Sunday, December 30, 2012

Murder on the Rue Dumas: Review

I found Murder on the Rue Dumas by M. L. Longworth on my last trip to the library.  It's so nice once I have all the challenge-reading out of the way--I can give in to impulse reading and just bring home books that look interesting.  I don't have to think about whether it will fit into one of my zillion challenges (and hopefully more than one) or whether I have time to sneak in a non-challenge book.

And Murder on the Rue Dumas was right up my alley--an interesting-sounding academic mystery, this time set in France.  We have Dr. Georges Moette, director of theology at the Université d'Aix--a very unpopular fellow with plenty of enemies.  Dr. Moette has held a very prestigious position at the university--a life-time post that includes a lavish apartment in a 17th C mansion as well as oodles of money to support a career of research that requires no teaching duties whatsoever.  Dr.
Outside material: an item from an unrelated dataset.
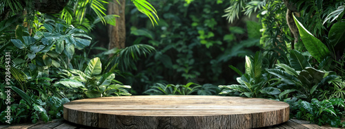 Empty round wooden platform surrounded by tropical leaves displaying products

Moette has announced his intention to retire and is all set to name his successor as well as name the graduate student recipient of an elite fellowship tied to the Dumas funds.  But he has a cruel streak in him--playing his colleagues and graduate students off of one another; promising the positions to first one and then another; and then the cruelest move of all...announcing at party that he has changed his mind and won't be retiring after all.
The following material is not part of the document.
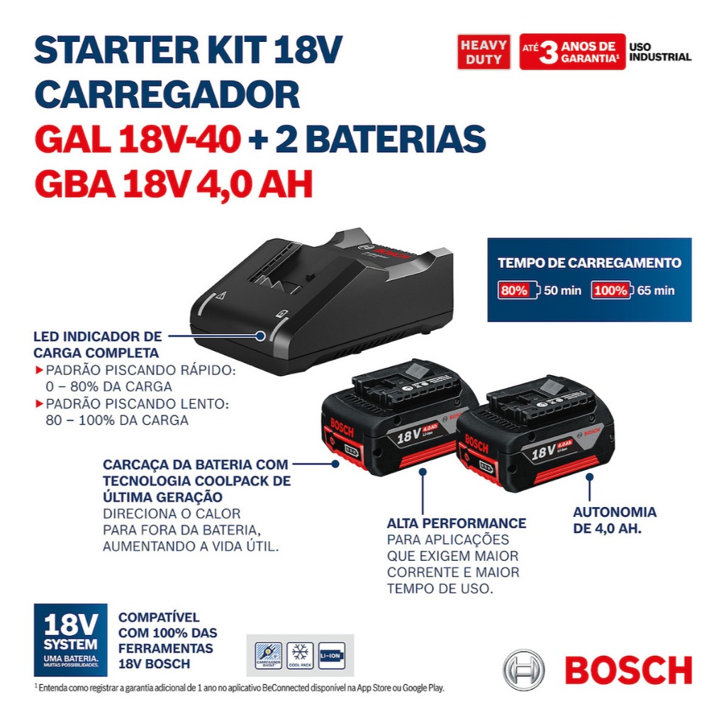 Kit Esmerilhadeira Bosch GWS 18V-10 + 2 Bateria e Carregador Descrição Esmerilhadeira Angular a Bateria de 5" Bosch GWS 18V-10 Vantagens: - A Esmerilhadeira Angular a Bateria de 5" Bosch GWS 18V-10, 18V, com motor sem escovas de carvão, possui potência equivalente a uma ferramenta com fio de 1.000W; - Garantida máxima proteção ao profissional com tecnologia que desliga a ferramenta em caso de queda e em caso de travamento do acessório, o motor para automaticamente evitando risco ao operador; - Além disso, só alcança sua rotação máxima 2-3 segundos após acionada e parada mais rápida do disco após 2 segundos do desacionamento do gatilho garante maior segurança do profissional; - Vem com motor sem escovas de carvão livre de manutenção, com o dobro de vida útil e maior autonomia; - Compatível com 100% das baterias e carregadores 18V Bosch; - Uso industrial com 2 anos de garantia. Características: - Equipamento Bosch Heavy Duty; - Equipamento rolamentado; - Não possui velocidade variável; - Não possui controle de torque; - Não possui fonte de luz; - Acabamento da ferramenta: Poliamida, metal e elastômero; - Acabamento do cabo: Borracha, cobre; - Tipo de embalagem: Caixa de papelão; - Uso indicado: Corte e desbaste em todo tipo de metal; - Público Alvo: Industrias Metalmecânica. Dados Técnicos: - Voltagem da bateria: 18 V; - N° de rotações em vazio: 9.000 r.p.m.; - Rosca do eixo de esmerilhamento: M14; - Disco de esmerilhamento/corte, diâmetro: 125 mm - 5'; - Dimensões do produto (AxLxP): 11x30x35,8 cm; - Peso sem bateria: 2,1 kg. Valores totais de vibração (Desbastar superfícies (ásperas): - Valor de emissão de vibrações ah: 6,7 m/s²; - Incerteza K: 1,5 m/s². Valores totais de vibração (Lixar com folha de lixa): - Valor de emissão de vibrações ah: 1,9 m/s²; - Incerteza K: 1,5 m/s². Kit de 2 Baterias GBA 18V 4Ah + Carregador de baterias Bosch GAL 18V-40 Bivolt Vantagens: - As baterias GBA 18V 4,0 Ah possuem células de íons de lítio, que não causam efeito memória e não descarregam quando estão em repouso; - Proporcionam uma elevado tempo de uso com uma mesma carga, trazendo mais autonomia para o trabalho; - Além disso, vem com um sistema exclusivo de temperatura Coolpack, que mantém o interior da bateria refrigerado, aumentando a vida útil; - Fabricado com materiais flexíveis, é ideal para absorver o impacto em caso de queda; - O carregador de baterias rápido Bosch GAL 18V-40, de 18V e bivolt é compatível com 100% das Baterias 18V Bosch; - Oferece trabalho contínuo mais eficiente com corrente de saída de 4Ah; - Possui led indicador de carga completa, além de indicação de falhas e superaquecimento; - Comprimento do cabo de 1,5 metros para maior alcance na execução do trabalho; - Carrega a bateria de 4,0 Ah a 80% em 48 min e a 100% em 65 min; - Garantia 2 anos Bosch. Características: - Equipamento Bosch Heavy Duty; - Tempo de carga (min): 48/65; - Tipo de embalagem: Caixa de papelão; - Acabamento da ferramenta: Poliamida e elastômero; - Acabamento do cabo: Borracha e cobre (carregador); - Comprimento do cabo: 1,5 m; - Público Alvo: Usuários de ferramentas a bateria Bosch 18V. Dados Técnicos: - Fonte de energia: bateria bivolt; - Voltagem da bateria: 18V; - Amperagem: 4 ah; - Composição da célula da bateria: Íons de Lítio; - Número de Células de íons de lítio: 10; - Conteúdo da bateria de íons de lítio: 72; - Peso da bateria: 0,619 kg; - Peso do carregador: 0,55 kg. Componentes inclusos no kit: - 1 Esmerilhadeira Angular GWS 18V-10; - 1 Porca de apoio; - 1 Porca de aperto rápido; - 1 Punho auxiliar; - 1 Capa de proteção; - 2 baterias GBA 18V 4,0 Ah; - 1 carregador GAL 18V-40 Bivolt.

But someone decides to take matters into their own hands and force Moette's retirement upon him---permanently.  The doctor is found dead in his office with his head bashed in with an unusual blunt instrument, a 700 year-old religious statue.  Judge Antoine Verlaque and Commissioner Bruno Paulik look into the matter--aided by Verlaque's girlfriend, law professor Marine Bonnet--and find that more than fellowships have been up for grabs in the university theology department. 

This is the second novel in Longworth's detective series, but it is not necessary to have read the first to slip easily into the action of this one.  Explanations of relationships are clear and kept short (no rehashing of everything one might have learned in the first novel) and are just enough to make new readers comfortable.  The main characters are engaging and likeable and I particularly enjoyed the interactions between two of the graduate students, Yann Falquero and Thierry Marchive.  It is an interesting and fairly clued mystery that holds the attention.  

But....there was something about the writing.  It seems just a bit too short and to the point; very matter of fact....I'm not sure.  It has a j'ai ne sais quoi quality that doesn't quite meet my expectations for a novel set in France.  Maybe it has something to do with reading this one so close on the heels of the Fred Vargas novel.  The Vargas novel was originally written in French and had an excellent translator who instilled a lyrical quality.  Longworth is a Canadian who spends a great deal of time in France and seems to be trying to write from a French point of view and doesn't quite succeed.  She obviously loves France--evidenced by the descriptions of the area and the people, but doesn't quite pull off an authentic French feel.  Three stars. 

2 comments:

Susanne said...

Oh I don't know what a French feel would be in a mystery novel, but you have me intrigued enough to try and find this one at my library as well.

Man of la Book said...

I have heard about this book. As a big fan of Alexandre Dumas I probably would have picked it up as well.